Pooling libraries for sequencing
The throughput of modern sequencers grows higher and higher, allowing hundreds of millions of reads in a single microfluidic chamber. For many purposes this is actually far more than a single library requires. To keep sequencing cost-effective, researchers often pool together multiple libraries before sequencing, each with a unique molecular barcode (or unique combination of multiple barcodes). The sequencer then reads each library molecule's biological base sequence as well as the barcode sequence; these barcodes are matched back to the sequences expected from the libraries, and thus each molecule can be attributed to its library of origin even though the libraries were mixed.
The pool of libraries needs to be prepared at a specific molarity for compatibility with the sequencer. Thus when you combine libraries into a pool to sequence together, you must take care to match not only their relative molarities but also the absolute total molarity of the pool.
When preparing the libraries, be sure to use a different multiplexing index (or in Illumina's dual-index scheme, a different pair of indices) for each library you wish to pool. You cannot pool two libraries with the same index or there will be no way to distinguish them after sequencing. If you have a small number of libraries, you may also need to verify that your specific combination of index sequences will work together; see e.g. the TruSeq Library Prep Pooling Guide for more information.
The target concentration is expressed as a molarity (usually in the nM scale), so it is essential to measure the molarity of each library rather than just a mass concentration as typically used for nucleic acid samples (e.g. ng/μL). There are various methods with strengths and weaknesses:
- Nanodrop (UV spectrophotometry): very easy and fast for small numbers of samples, with low input requirement, but also very unreliable since many potential contaminants absorb at similar wavelengths to DNA's; gives mass concentration and purity information (not very useful for sequencing libraries since they are greatly diluted before sequencing) but not length distribution
- Qubit/PicoGreen (fluorometry): somewhat time-consuming, but mostly unaffected by contamination and sensitive to very low inputs (depending on assay volume); gives mass concentration information but not size distribution
- Bioanalyzer/TapeStation (microfluidic analog of electrophoresis): somewhat time-consuming and unreliable; gives detailed information about length distribution and molarity, though quantitative error may be high
- SYBR qPCR: rather time-consuming; very accurate molarity measurements, if libraries can be accurately normalized by average length; insensitive to everything except sequenceable molecules with correct adapters
- TaqMan qPCR: rather time-consuming; very accurate molarity measurements unaffected by length; insensitive to everything except sequenceable molecules with correct adapters
Generally researchers use a combination of Bioanalyzer/TapeStation for length distribution and one of the other methods for molar quantification.

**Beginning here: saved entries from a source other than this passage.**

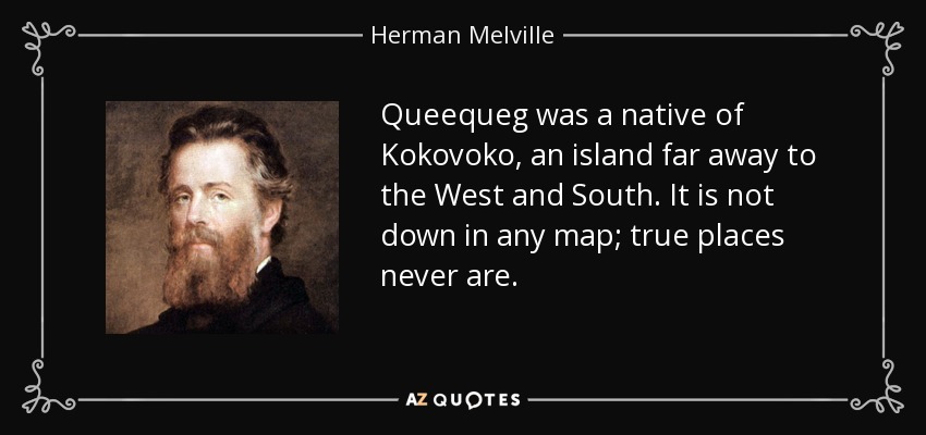 Queequeg was a native of Kokovoko, an island far away to the West and South. It is not down in any map; true places never are.
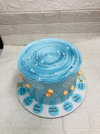 Celebrate togetherness with this beautifully decorated group cake featuring a light blue frosting base and a spiral top design adorned with white pearl-like beads. The sides showcase yellow floral accents and white dandelion-style patterns with green stems, adding botanical charm and visual softness. Around the white circular board, names are piped in blue and black icing: Alok Mohanty, Bipin Kumar, Kaustav Chatterjee, Ash Dwivedi, Tapan Roul, Yogesh Kumar, and Sidharth Mishra—anchoring the tribute with personalization and pride. This cake blends floral elegance with heartfelt storytelling—perfect for team gifting, farewell uploads, or catalog entries that highlight unity, gratitude, and emotional resonance.
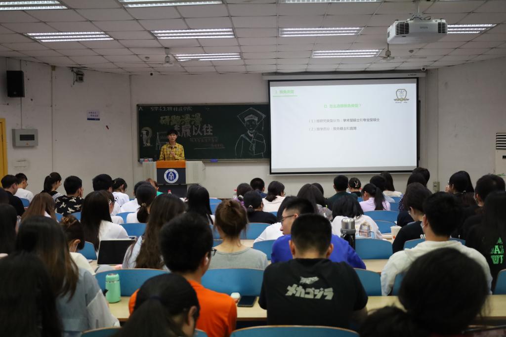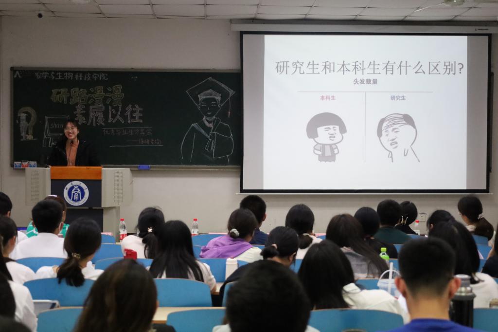 最后一位进行分享的是推免本院的胡舒婷同学,她以自己保研后的状态为切入点,分享了个人对于研究生和本科生学习目标、学习方法等差异的认识,强调了提前规划的重要性,她建议本科生要积极进入实验室,锻炼自己的科研能力。跟着导师学习、多与学长学姐交流、学习他们的实验经验,都可以成为保研准备的"加速通道"。
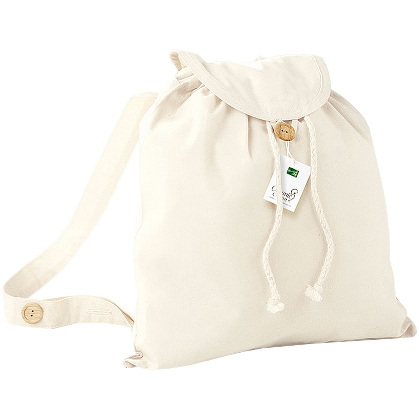 Natürlich schön! Rucksack aus 100% Bio-Baumwolle und mit Holzknöpfen. Schulterriemen sind justierbar.
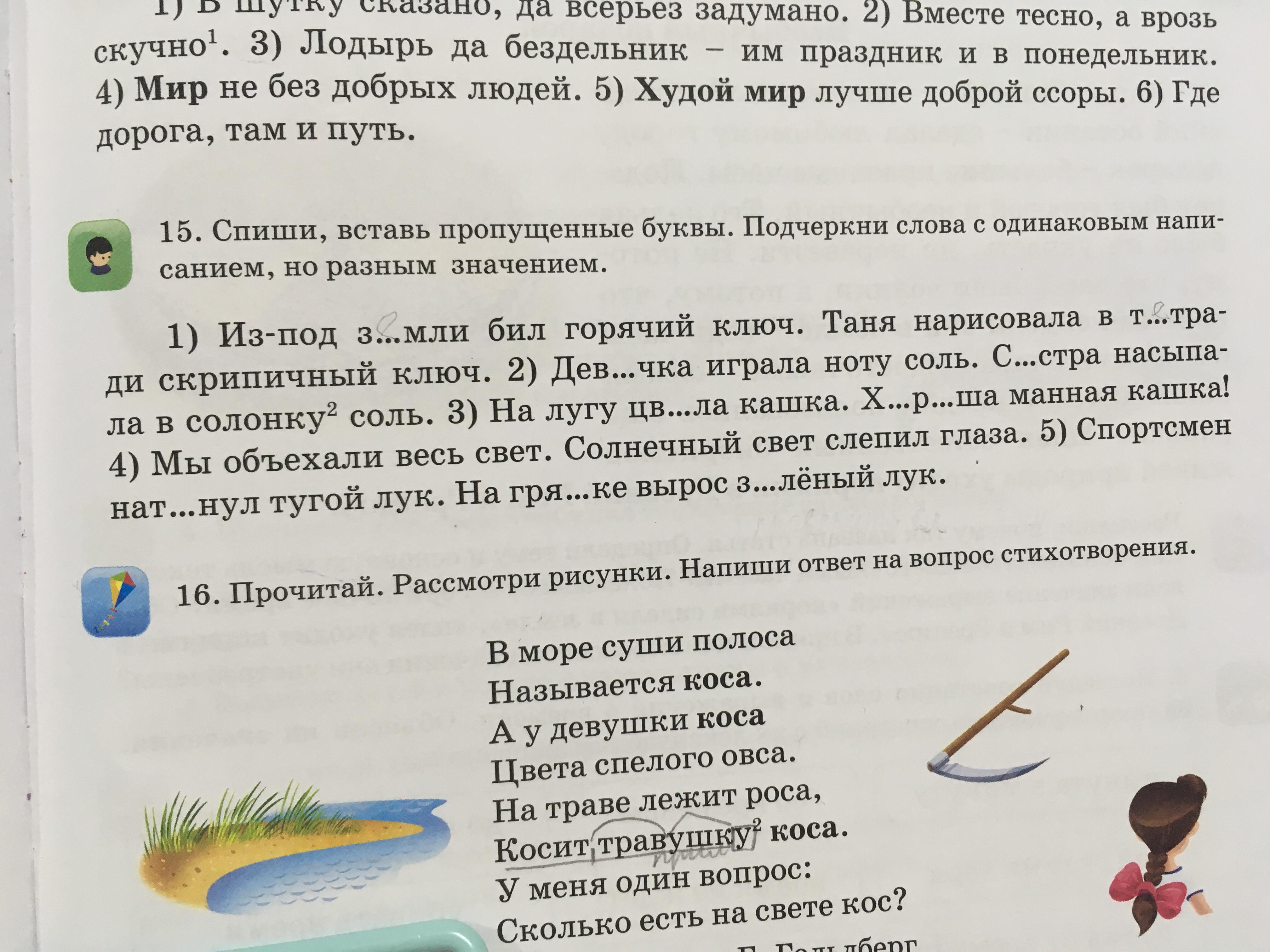 15. Спиши, вставь пропущенные буквы. Подчеркни слова с одинаковым написанием, но разным значением. + проверить как пишутся слова, например: земли(проверка)
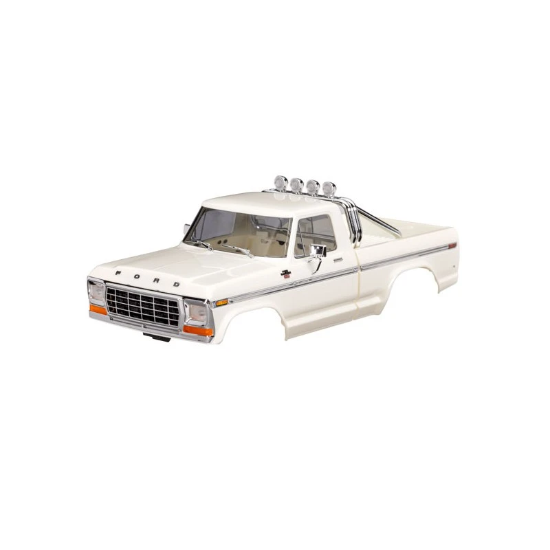 Carrosserie, camion Ford F-150 (1979), complète, blanche (comprend calandre, rétroviseurs latéraux, poignées de porte, arceau de sécurité, essuie-glaces, garniture latérale et montage sans clip) (nécessite les pare-chocs avant et arrière n° 9834).
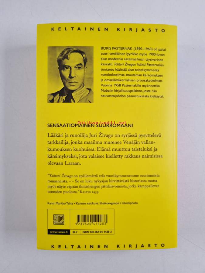 Muu(t) tekijä(t): Juhani Konkka, Arvo Turtiainen ym.Sarja: Keltainen kirjasto 20Alkuteos: Doktor ŽivagoAsiasanat: yhteiskunnallinen muutos, lääkärit, kielletty rakkaus
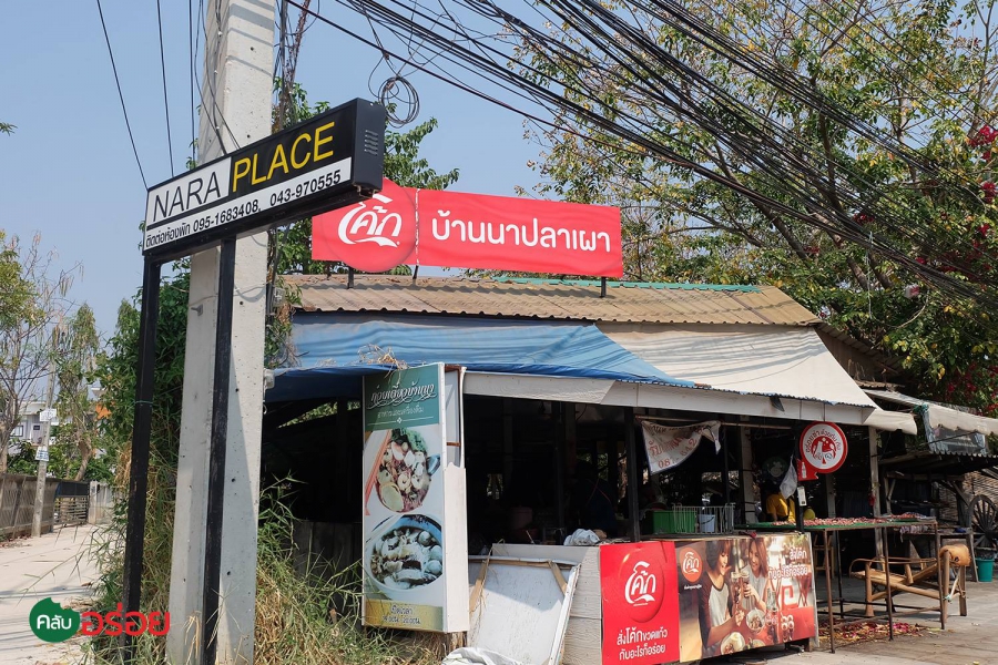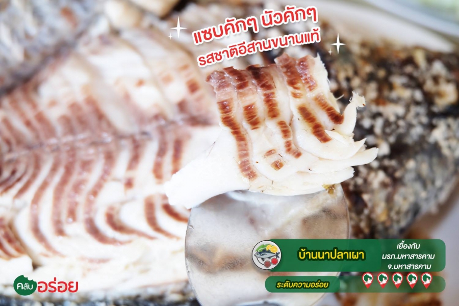 คออาหารอีสานพลาดไม่ได้ ! ร้านบ้านนาปลาเผา แค่ชื่อก็ไม่ต้องเอ่ยถึงเมนูอาหารแล้วว่าจะมีอะไรบ้าง ร้านนี้เป็นร้านขนาดกลาง ไม่มีห้องแอร์ ผู้คนเยอะโดยเฉพาะตอนเที่ยงวัน บรรยากาศ สบายๆ เหมือนชื่อร้าน พอเข้าไปในร้านก็จะมีพนักงานเข้ามาต้อนรับทักทายเป็นสำนียงอิสานบ้านเฮาพร้อมแนะนำเมนูอาหารแซบๆ ไว้ตลอดเวลา ของเด็ดที่ต้องสั่งเลย ของที่นี่ คือ “ปลาเผา” เสิร์ฟร้อนๆ พร้อมกับผักจานโตและน้ำจิ้ม 2 แบบ คือน้ำจิ้มเผ็ดและน้ำจิ้มหวาน จะหม่ำแบบเมี่ยงใช้ผักห่อปลาเป็นคำ ราดน้ำจิ้มแซ่บๆ ก็เลอค่า ปลาเนื้อแน่นๆ เจอน้ำจิ้มรสเผ็ดผสมเปรี้ยวเข้าไป อื้อหือ...อร่อยจนลืมทางกลับบ้าน!! ใครกินเผ็ดไม่ได้ก็ลองน้ำจิ้มหวานไป เซ็ตนี้มาแบบอลังการสักหน่อย ส่วนต้มปลานิลก็เด็ดแบบบ้านนาเฮาเช่นกัน สำหรับต้มปลานิลซดร้อนๆได้กลิ่นผักกะแยงผสมผักชีลาว รสชาติแซ่บลืมทุ่งและสุดท้ายเมนูขวัญใจสายดิบนั่นคือ ก้อยกุ้งที่นำกุ้งฝอยสดๆ มาก้อยแบบอิสานใส่ข้าวคั่วใส่มะกอก ปรุงรสให้แซ่บ เพียงเท่านี้ก็แซ่บโดนใจ ทานกับข้าวเหนียว รสชาติอิสานขนานแท้ต้องที่นี่เลย “ บ้านนาปลาเผา ”

There are several conflicting factors to balance:
- The final molarity of the pool must be at least as much as required in the protocol for your sequencing platform (e.g. the Illumina "Denature and Dilute Libraries Guides"), although you can deviate from the protocol if your libraries are too dilute. The total molarity is the sum of all the individual libraries' molarities in the final volume, e.g. if you add 5 μL of a 10 nM library to 5 μL of a 20 nM library, you have 10 μL of a 15 nM pool.
- On the other hand, library preparation usually yields far higher molarities than required, so it may be prudent to first mix a pool at a higher molarity (e.g. 20 nM for a protocol that only requires 4 nM) and then dilute the pool together.
- If some of your libraries are much more concentrated than others, you can predilute those individually before mixing them all together.
- Try to minimize the volume of libraries that you use for pooling, since you might want to sequence them again later but you might not want the exact same pool with the exact same loading ratios.
- At the same time, try not to design a pooling scheme that requires you to pipet smaller volumes than you can accurately pipet. For example, some pipets are rated for 0.1–2.5 µL, but you may not feel comfortable measuring less than 0.5 µL.
- If the total volume of all the libraries you need to combine is greater than your desired final volume, then obviously you need to change your plan: try decreasing the final combined molarity.
Why your results still won't be perfect
There are several reasons why you might not see a perfect balance of read counts even if you calculate your pooling numbers very carefully:
- If you used a method other than qPCR to quantify your libraries, you pooled according to total molecules rather than sequenceable molecules, and these numbers may be different.
- Shorter library molecules cluster more efficiently on an Illumina flow cell, so libraries with longer molecules may be underrepresented in the final counts.
- Sequence reads of very low quality are removed by the Illumina sequencer's software, so these clusters are not reflected in the post-filter read counts, and depending on the configuration adapter dimers may not be reported either.
At any rate, what really matters in the end is the number of usable reads (alignable, confidently alignable, high-quality base calls, passing other downstream filters, etc.) and this is difficult to predict with any pre-sequencing quality control.